Work request:
The copy has to match the data exactly and leave out every picture.

---- Supplied data

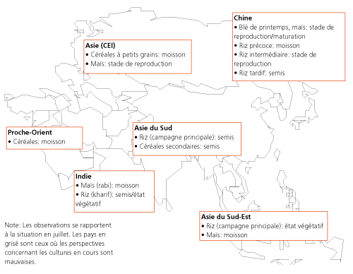 La récolte du blé d'hiver de la campagne principale et du riz de la première campagne de 2006 est terminée; la préparation des terres et les semis du riz et des céréales secondaires de la campagne principale ont commencé, les pluies de mousson ayant démarré en temps voulu. Dans les pays situés le long de la ceinture équatoriale, la campagne principale de riz est bien avancée. En Chine (continentale), la production de blé d'hiver de 2006 est estimée à 95 millions de tonnes, soit quelque 2,8 millions de tonnes de plus que la bonne récolte de l'an dernier et le meilleur résultat de ces cinq dernières années, principalement du fait des bonnes conditions météorologiques qui ont régné dans les principales régions productrices. Les semis de céréales secondaires (maïs principalement) de la campagne 2006 sont terminés dans les principales régions productrices; les réserves d'humidité des sols seraient généralement favorables à la germination, sauf dans quelques endroits. Du fait de la reprise continue de la production ces trois dernières années, les importations céréalières de la Chine en 2006/07 devraient se maintenir au niveau relativement bas de l'année précédente.
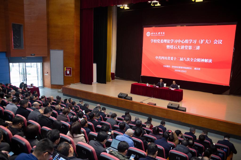 3月4日至7日,学校在莲湖校区举办学习贯彻党的二十届四中全会精神处级干部读书班暨科级干部、党员扩大学习会。党委书记黄涛和校长侯忠明分阶段主持会议并讲话。西南科技大学环境与资源学院党委书记代群威教授、西华师范大学机关三党总支书记兼学科建设处副处长高思超教授、学校财经管理学院原院长傅忠贤教授应邀做客塔石大讲堂作专题辅导。
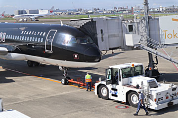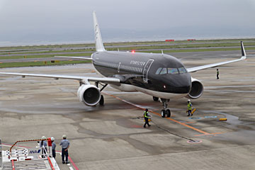 羽田から関西空港に飛びます。飛行機は今回もSFJ(スターフライヤ)、黒いボディのA320。
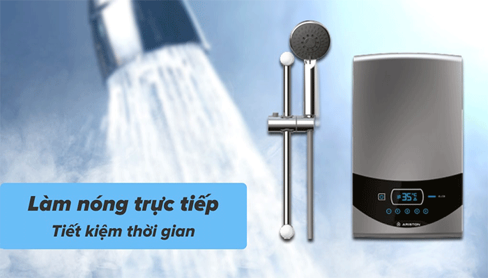 Bình nóng lạnh trực tiếp Ariston có kích thước nhỏ gọn, đi cùng cơ chế làm nóng nước bằng thanh điện trở, sau đó nước nóng được đưa trực tiếp ra vòi để bạn có thể sử dụng gần như ngay lập tức sau khi bật máy mà không cần đến bình trữ nước.
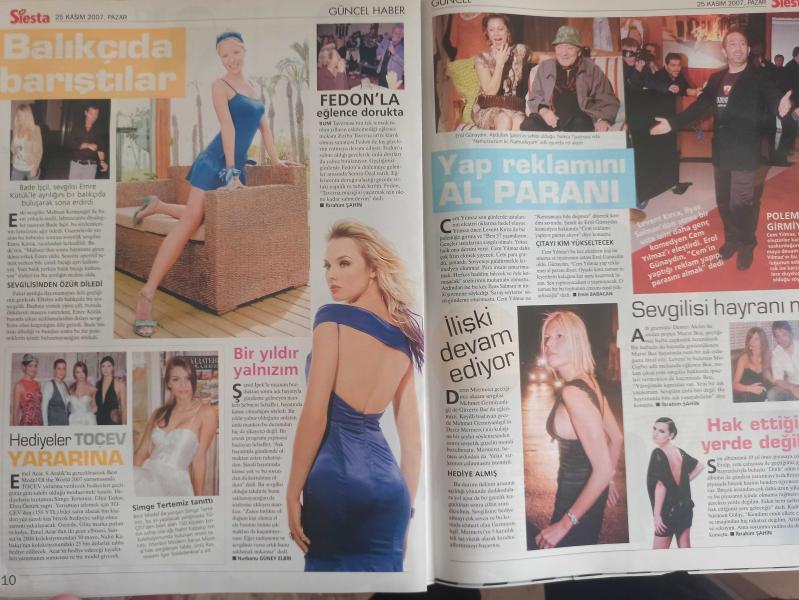 Siesta Haftalık Aktüalite Sinema Tiyatro Müzik ve Magazin Dergisi - 25 Kasım 2007 - Dilek Çelik - Hüsnü Şenlendirici - Ebru Şallı - Barış Kocaoğlu - Irmak Ünal - Cihan Ünal - Türkan Şoray - Hande Ataizi - Serdar Ortaç - Helin Avşar - Banu Zorlu - Metin Özülkü - Gamze Özçelik - Levent Süren - Tatiana Marinescu - Pınar Çınar - Ebru Polat - Sema Çelebi - İbrahim Tatlıses - Deniz Seki - Hüsnü Şenlendirici - Kerem Alışık - Çağla Şikel - Emre Altuğ - Leonardo Di Caprio - Emre Kütük - Bade İşçil - Şenol İpek - Simge Tertemiz - Erol Günaydın - Abdullah Şahin - Levent Kırca - Cem Yılmaz - İlyas Salman - Demet Akalın - Murat Boz - Derin Mermerci - Gülay Eralp - Özlem Önal - Tuba Ünsal fotoğraf ve haberi - Tam Takım Dergi Yıpranma, sararmalar, kupon kesiği ve yırtılmalar zamana bağlı olarak görülebilir

--------

Response area:
 La récolte du blé d'hiver de la campagne principale et du riz de la première campagne de 2006 est terminée; la préparation des terres et les semis du riz et des céréales secondaires de la campagne principale ont commencé, les pluies de mousson ayant démarré en temps voulu. Dans les pays situés le long de la ceinture équatoriale, la campagne principale de riz est bien avancée. En Chine (continentale), la production de blé d'hiver de 2006 est estimée à 95 millions de tonnes, soit quelque 2,8 millions de tonnes de plus que la bonne récolte de l'an dernier et le meilleur résultat de ces cinq dernières années, principalement du fait des bonnes conditions météorologiques qui ont régné dans les principales régions productrices. Les semis de céréales secondaires (maïs principalement) de la campagne 2006 sont terminés dans les principales régions productrices; les réserves d'humidité des sols seraient généralement favorables à la germination, sauf dans quelques endroits. Du fait de la reprise continue de la production ces trois dernières années, les importations céréalières de la Chine en 2006/07 devraient se maintenir au niveau relativement bas de l'année précédente.
 3月4日至7日,学校在莲湖校区举办学习贯彻党的二十届四中全会精神处级干部读书班暨科级干部、党员扩大学习会。党委书记黄涛和校长侯忠明分阶段主持会议并讲话。西南科技大学环境与资源学院党委书记代群威教授、西华师范大学机关三党总支书记兼学科建设处副处长高思超教授、学校财经管理学院原院长傅忠贤教授应邀做客塔石大讲堂作专题辅导。
 羽田から関西空港に飛びます。飛行機は今回もSFJ(スターフライヤ)、黒いボディのA320。
 Bình nóng lạnh trực tiếp Ariston có kích thước nhỏ gọn, đi cùng cơ chế làm nóng nước bằng thanh điện trở, sau đó nước nóng được đưa trực tiếp ra vòi để bạn có thể sử dụng gần như ngay lập tức sau khi bật máy mà không cần đến bình trữ nước.
 Siesta Haftalık Aktüalite Sinema Tiyatro Müzik ve Magazin Dergisi - 25 Kasım 2007 - Dilek Çelik - Hüsnü Şenlendirici - Ebru Şallı - Barış Kocaoğlu - Irmak Ünal - Cihan Ünal - Türkan Şoray - Hande Ataizi - Serdar Ortaç - Helin Avşar - Banu Zorlu - Metin Özülkü - Gamze Özçelik - Levent Süren - Tatiana Marinescu - Pınar Çınar - Ebru Polat - Sema Çelebi - İbrahim Tatlıses - Deniz Seki - Hüsnü Şenlendirici - Kerem Alışık - Çağla Şikel - Emre Altuğ - Leonardo Di Caprio - Emre Kütük - Bade İşçil - Şenol İpek - Simge Tertemiz - Erol Günaydın - Abdullah Şahin - Levent Kırca - Cem Yılmaz - İlyas Salman - Demet Akalın - Murat Boz - Derin Mermerci - Gülay Eralp - Özlem Önal - Tuba Ünsal fotoğraf ve haberi - Tam Takım Dergi Yıpranma, sararmalar, kupon kesiği ve yırtılmalar zamana bağlı olarak görülebilir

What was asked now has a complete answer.